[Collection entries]
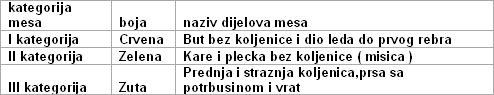 glave,koze,donjeg dijela nogu I unutarnjih organa ) od 25 kg do 120 kg.
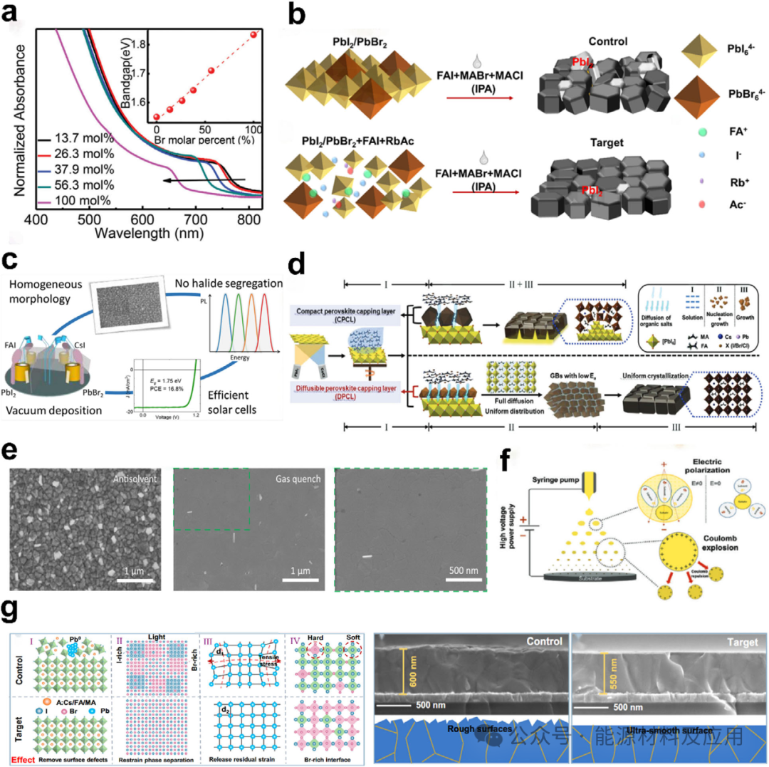 图12、a) 不同MABr比例下的吸收光谱与带隙线性关系;b) FAI/RbAc调控PbI₂/PbBr₂结晶行为;c) 四源真空沉积系统与薄膜表征;d) DPCL与CPCL结晶动力学对比;e) 气淬法与反溶剂法薄膜形貌对比;f) 电喷雾沉积机制图;g) 纳米抛光前后薄膜截面SEM图。
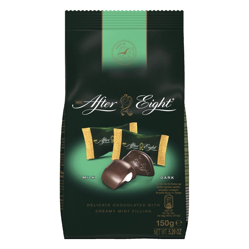 After Eight Snacking Bag, el compañero de viaje ideal. Mejore su viaje con una selección de los deliciosos pralinés de menta favoritos de todos: un refrescante centro de fondant de menta recubierto de rico chocolate con leche o negro. Ya sea para picar durante el viaje o para saborear en casa, comparta la elegancia de After Eight en una práctica bolsa con aprox. 22 unidades. cacao en grano 100% sostenible certificado obtenido a través del PLAN DE CACAO DE NESTLE. Exclusivo para travel retail.
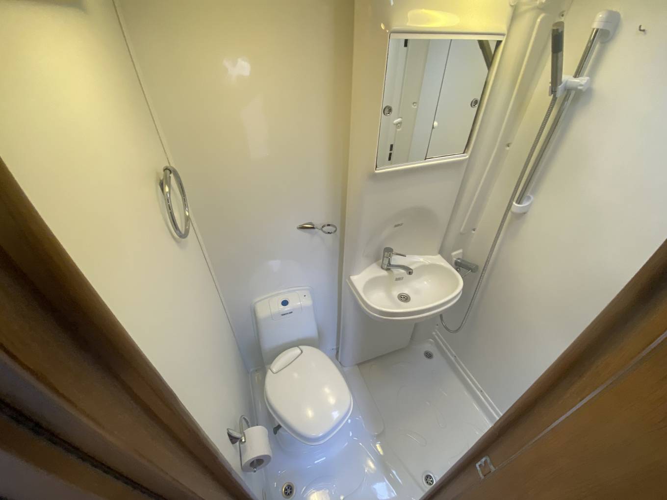 storage drawers and cabinets around. Opposite is a very well appointed washroom
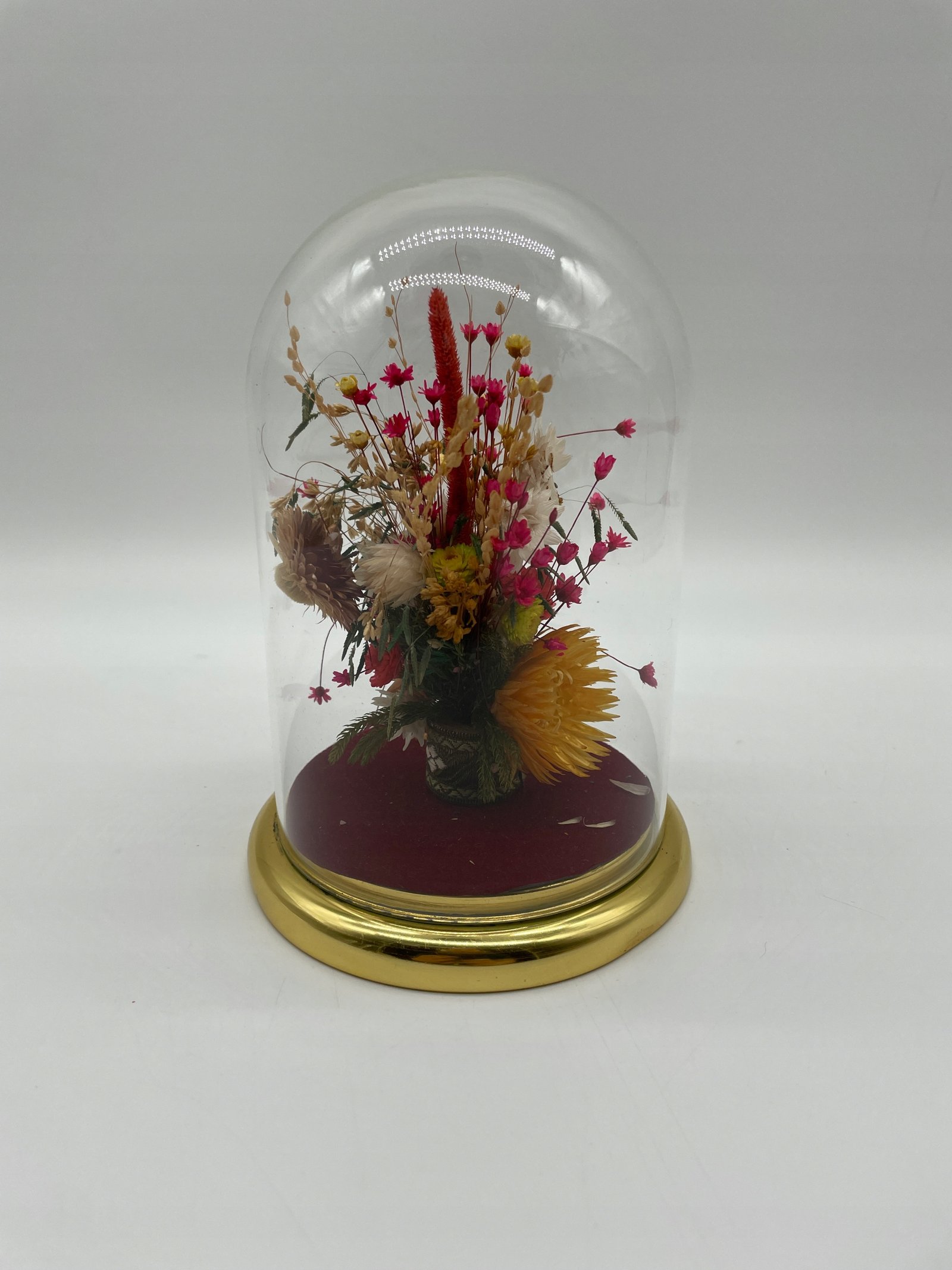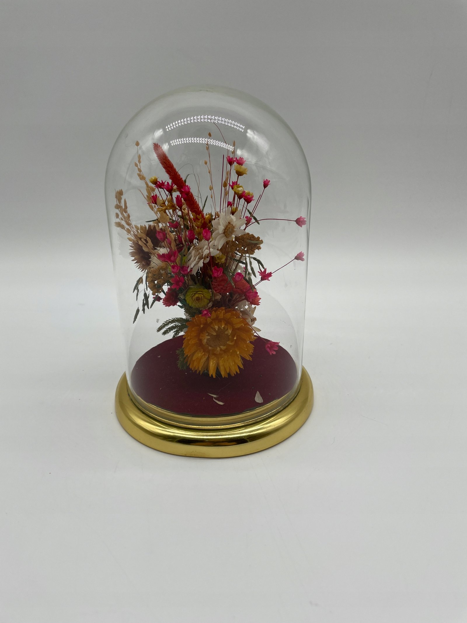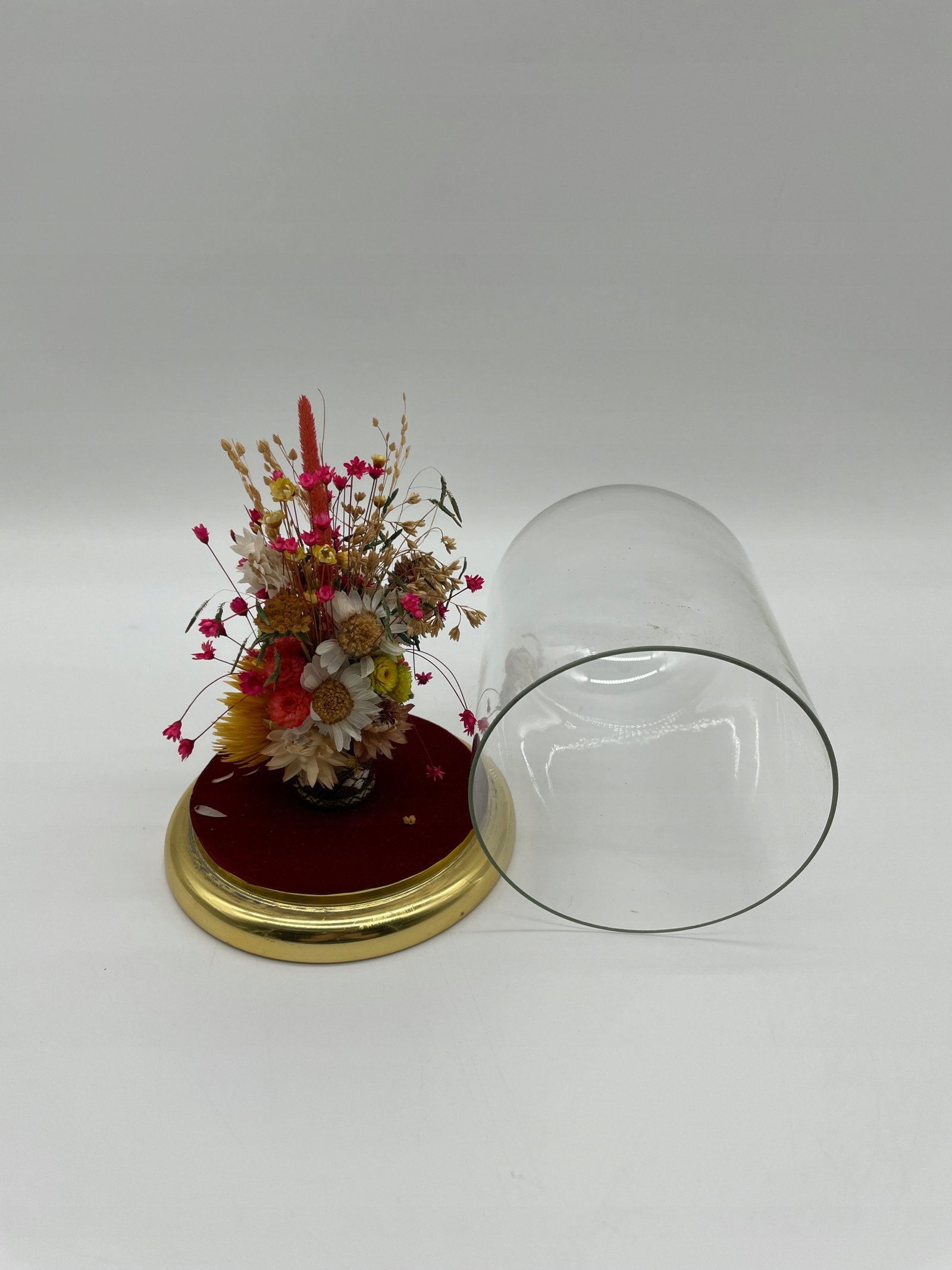 Ręcznie wykonana dekoracja kwiatowa z suszonych i sztucznych kwiatów pod szklanym kloszem. Ozdoba umieszczona jest na welurowej podstawie z ramką w kolorze złota.

▶ [WHAT IS BEING ASKED]: Print the data exactly as written, dropping any images it holds.

▶ [ANSWER SECTION]:
 glave,koze,donjeg dijela nogu I unutarnjih organa ) od 25 kg do 120 kg.
 图12、a) 不同MABr比例下的吸收光谱与带隙线性关系;b) FAI/RbAc调控PbI₂/PbBr₂结晶行为;c) 四源真空沉积系统与薄膜表征;d) DPCL与CPCL结晶动力学对比;e) 气淬法与反溶剂法薄膜形貌对比;f) 电喷雾沉积机制图;g) 纳米抛光前后薄膜截面SEM图。
 After Eight Snacking Bag, el compañero de viaje ideal. Mejore su viaje con una selección de los deliciosos pralinés de menta favoritos de todos: un refrescante centro de fondant de menta recubierto de rico chocolate con leche o negro. Ya sea para picar durante el viaje o para saborear en casa, comparta la elegancia de After Eight en una práctica bolsa con aprox. 22 unidades. cacao en grano 100% sostenible certificado obtenido a través del PLAN DE CACAO DE NESTLE. Exclusivo para travel retail.
 storage drawers and cabinets around. Opposite is a very well appointed washroom
 Ręcznie wykonana dekoracja kwiatowa z suszonych i sztucznych kwiatów pod szklanym kloszem. Ozdoba umieszczona jest na welurowej podstawie z ramką w kolorze złota.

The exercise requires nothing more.